# vines killing woods???



## kenabcd (Nov 9, 2003)

The back of our farm has a nice woods consisting of a kind of eastern hardwood mix. cherry, butternut, ash, oak, and elm are the main trees. I have noticed within the last few years that there are woody vines kind of crawling up the trees and pulling them down. Killing them. The vines wrap up the trees and the trees die. Looks parasitic. The vines travel accross the ground and pile up in some areas. The thickest vines are along the ground sometimes 2 to 3"
in diameter. I have been cutting the vines down but I guess I need to spend more time out there cause the vines are winning.

I was wondering what the heck these things are and if there is a better way to get rid of them. If I was 500 miles south Iwould say it almost looks like mutant kudzu but with our cold winters(central Minn.) it can't be that and they are too big anyway. 

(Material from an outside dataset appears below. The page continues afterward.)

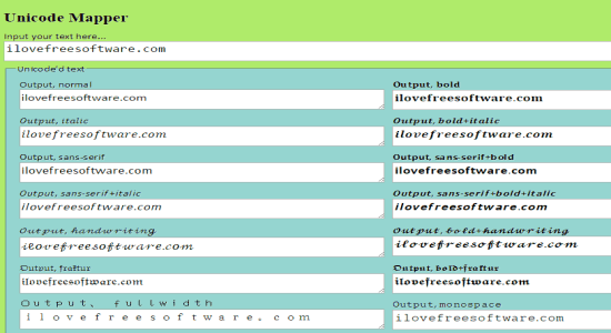 Fancy Text Converter is another free online service to add different Unicode text to your Facebook posts. It is a simple tool and supports only 6 Unicode formats such as bold fraktur, sans-serif, bold, italic, monospace, and bold/italic combination.

Any help with identifing these '"weeds" would be welome. 
Thanks, Ken Bauman


----------



## WAYNEDANA (Nov 13, 2003)

*Vines*

Ken, I am pretty sure that the vines you are describing are wild grape vines. If you just cut the vines off at ground level, more than likely they will come back. You should cut them as low as possible and then you need to apply a brush killer of some type to the stump. Ortho has one for vines and brush. You can mix some in a spray bottle for easy use. 
Also you can use these vines to add to charcoal on the grill for smoke. Or cows and horses like to eat them to.
Good luck,,,WAYNE.


----------